Even though it was not a cozy night by any means, the show was outstanding, and given the cold, more impressive. It ran about two hours and thank the Lordy that the dinner included two bottles of rum. Alan and I went through one during the show – trying to stay warm. Only partially successful.
So then back to the chilly room and some nod. Dreamed of a heat wave, but no such luck. Viernes was just as chilly. After breakfast, we went into Matanzas to visit the Pharmaceutical Museum, a one of a kind experience. Located right off the main plaza in Matanzas, it is located in the home of two doctors from the 1800’s. It has been maintained in wonderful condition and features all the instruments and equipment used by the doctors to create and treat patients. It also contains the prescriptions and formulas they used for treatment, many all natural. Today, pharmacy and medical students from all over the world come to study the prescriptions and formulas.
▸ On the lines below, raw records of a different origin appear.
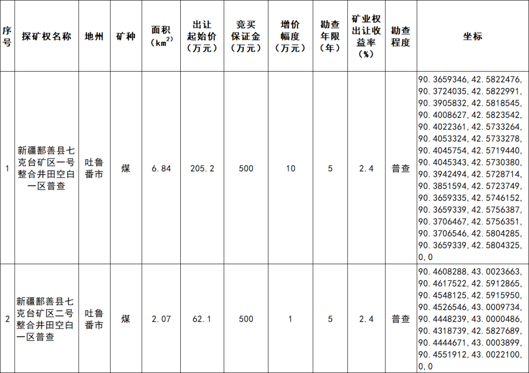 為促進礦產(chǎn)資源勘查開采,按照相關(guān)法律法規(guī)的規(guī)定,經(jīng)自治區(qū)人民政府批準,受自治區(qū)自然資源廳委托,新疆維吾爾自治區(qū)政務(wù)服務(wù)和公共資源交易中心(以下簡稱交易中心)以掛牌方式出讓新疆鄯善縣七克臺礦區(qū)一號整合井田空白一區(qū)普查等2個探礦權(quán)。現(xiàn)將有關(guān)事項公告如下:
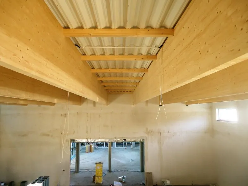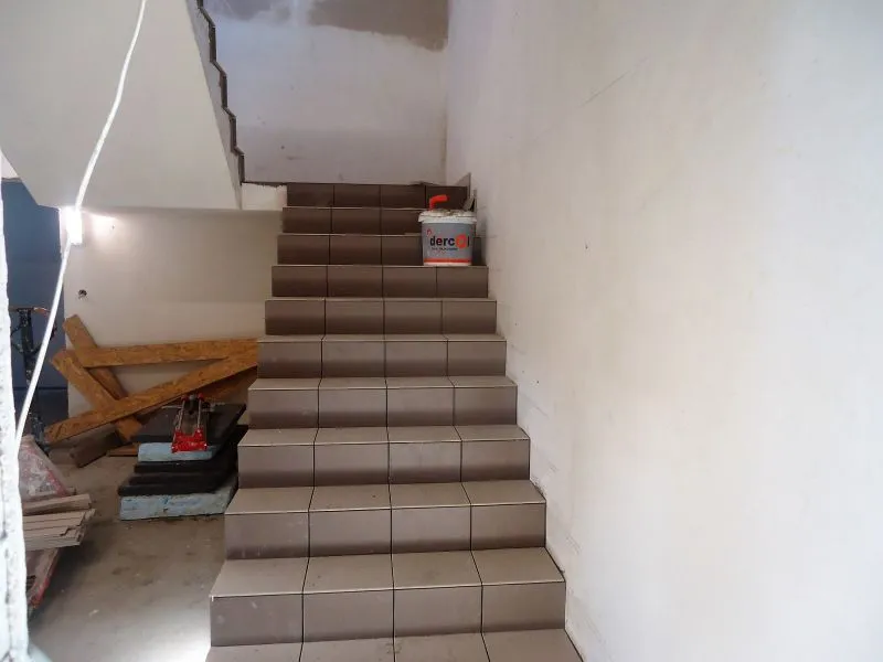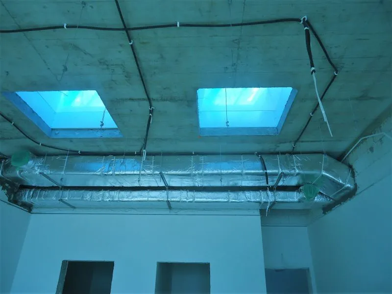 Są też już płytki na schodach wiodących do części administracyjnych przedszkola. Zamontowana jest stolarka drzwiowa i okienna zewnętrzna. Nie ma jeszcze wszystkich drzwi wewnątrz budynku. Na szczycie nad salą zabaw zamontowano duży świetlik, dzięki któremu teraz można prowadzić prace budowlane, a po oddaniu obiektu do użytku dzieci będą mogły się tu bawić bez potrzeby używania światła sztucznego.
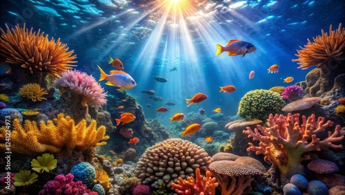 Vibrant Coral Reef Underwater Scene with Colorful Fish and Light
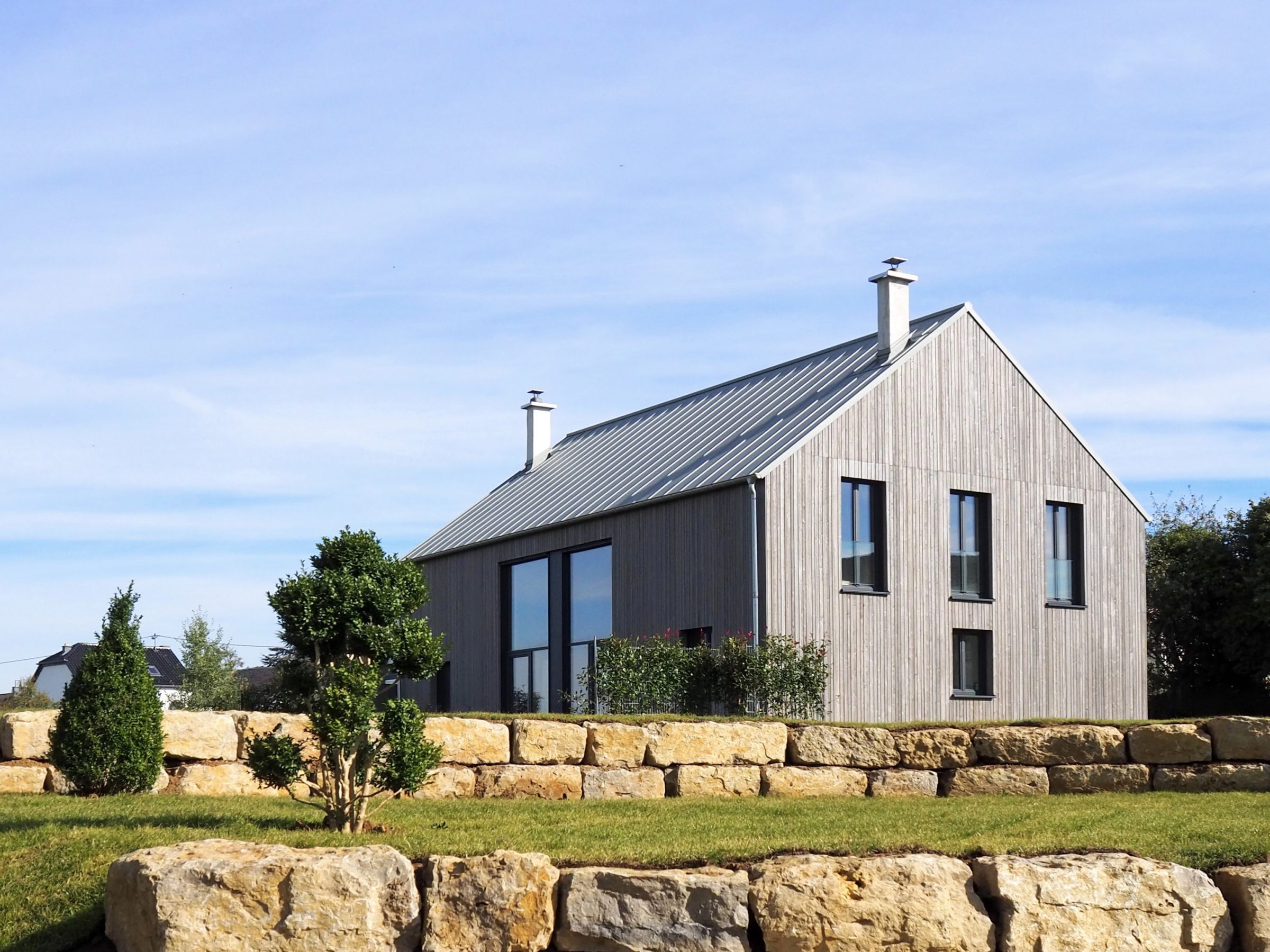 Der Kohnshof ist ein energiesparendes Haus und fügt sich gut in die Eifel-Landschaft mit Wiesen und Obstbäumen ein und ergänzt die historischen Gebäude der Umgebung harmonisch
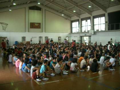 9月10日(月)1時間目に9月の朝会がありました。体育館はまだまだ蒸し暑かったのですが,全校が揃うまで大変静かに落ち着いてならんで待つことができました。

Incredibe!
We leave and go to Matanzas Seminary, the only ecumenical seminary in Cuba. It was established in 1946 and sits right in the neighborhood, on a hill with an incredible view of Matanzas city and harbor I took some video and photos too. We meet with Daniel Montoya, professor of practical theology, who gives us the history of the seminary, including how it has adapted theologies as necessary with the various changes in Cuban life. He says Cuban people are coming back to the churches now, with over 80% being newcomers. He feels this reflects the change that is happening in Cuban society. We then go out and see the incredible view.
From here we go to a park high above Matanzas for lunch, which also has great views but it is cold and breezy. We eat at Café Monseratte and it takes them over 2 hours to feed all of us. Of course the café is open air so... After lunch, we head to Vigia, a publisher of books that are all handmade. It was established in 1985 in response to the poor quality of publications done by the Cuban government. The poor quality refers to the actual product, not the content. All the books at Vigia are real special as each is individually designed and the handmade. The handmade version is then printed in limited editions. I buy a book on Cuban musician Jose White. Vigia is located in the section where Matanzas was originally founded, on a site where the San Juan river flows into the bay. Matanzas now has a population of around 80,000.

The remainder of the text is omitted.